Settlements make Palestinian state impossible: Arab League

Tehran Times

September 20, 2008

Settlements make Palestinian state impossible: Arab League

CAIRO (AFP) -- Israel's policy of Jewish settlement building on Palestinian land in the occupied West Bank is making a future Palestinian state impossible, Arab League chief Amr Mussa said.

Mussa said he would take the matter to the United Nations Security Council in New York and also ask for the Middle East peace quartet of the European Union, Russia, United Nations and United States to discuss the matter.

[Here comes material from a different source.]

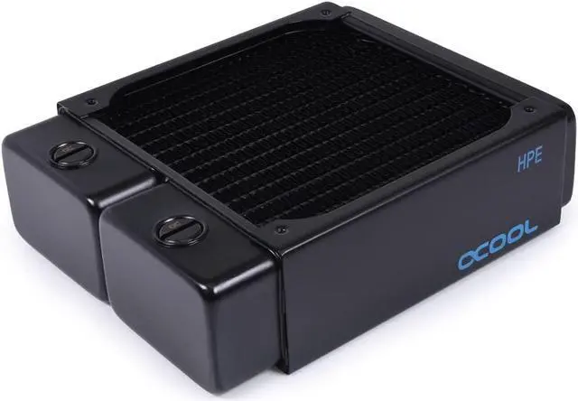 (* Test setup: NexXxos ST30 360mm radiator vs. NexXxos HPE-30 360mm radiator with Eisbaer cooler and 3x 120mm Rise Aurora fans and on Asus Prime x299 motherboard with Intel i9 10900x CPU with 350W waste heat) Connection options & mounting The NexXxoS HPE radiator has two IN or OUT connections with G1/4" threads in the pre-chamber area. On the opposite side is a fill or drain port, which can be used for filling and draining the water circuit. All screws for mounting in the case and for mounting the fans are included with the radiator. Additional sc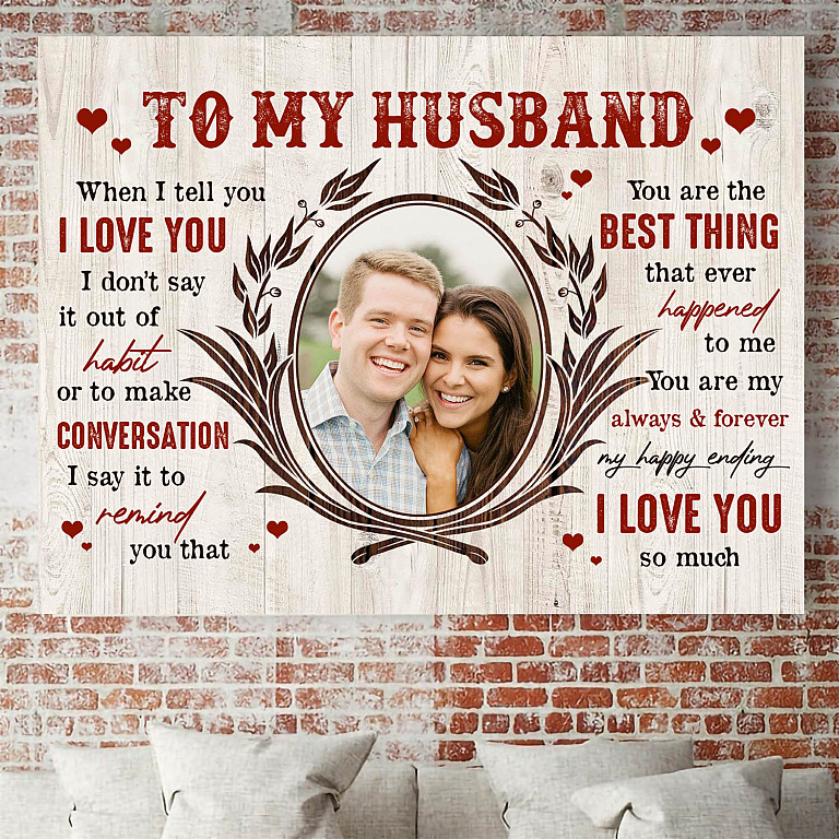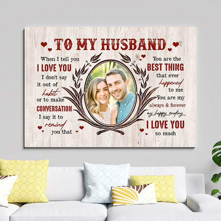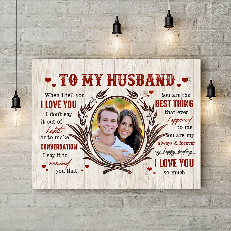 Let’s Shop Personalized Photo To My Husband When I Tell You I Love You I Don’t Say It Out Of Habit Framed Canvas – Unframed Poster!

""Settlements not only change the demographic and geographic composition of the occupied territories but make ... the establishment of a Palestinian state impossible,"" Egypt's official MENA news agency quoted Mussa as saying.

He said Saudi Foreign Minister Prince Saud al-Faisal had already contacted the Burkina Faso president of the Security Council, Michel Kafando, with a view to the council holding an extraordinary ministerial meeting.

Prince Saud called on September 8 for the Security Council to hold a meeting on Israeli settlements.

Israel is ""undermining the conditions of the peace process by intensifying the construction of settlements to change the situation on the ground,"" Saud said, adding that Palestinian leader Mahmud Abbas backs the request.

Settlements activity will be discussed at a meeting of Arab foreign ministers in New York on September 24 and when the Middle East peace quartet and the UN's Arab group meet at around the same time.

""Settlement activity can eliminate all the conditions necessary for the foundation of a Palestinian state and will necessarily lead to the abandoning of the choice of founding a state,"" Mussa said.

Israel and the Palestinians have been holding formal U.S.-backed peace talks since November 2007 aimed at resolving their decades-old conflict by the time U.S. President George W. Bush leaves office in January 2009.

The construction of Jewish settlements -- viewed as a major obstacle to reaching a peace deal -- has nearly doubled since 2007, the Israeli watchdog Peace Now said last month.

The Israeli housing ministry ""initiated 433 new housing units during the period of January to May 2008, compared to just 240 units during the period January to May 2007,"" Peace Now said.

The number of tenders for construction in the settlements increased by a massive 550 percent, from 417 housing units compared to 65 units in the same period last year.

In Arab east Beit-ul-MOqaddas, occupied and annexed by Israel following the 1967 Six-Day War, the number of tenders has increased by a factor of 38, the group said, from 46 units in 2007 to 1,761 in 2008.

The international community considers all settlement projects in the Israeli-occupied territories to be illegal.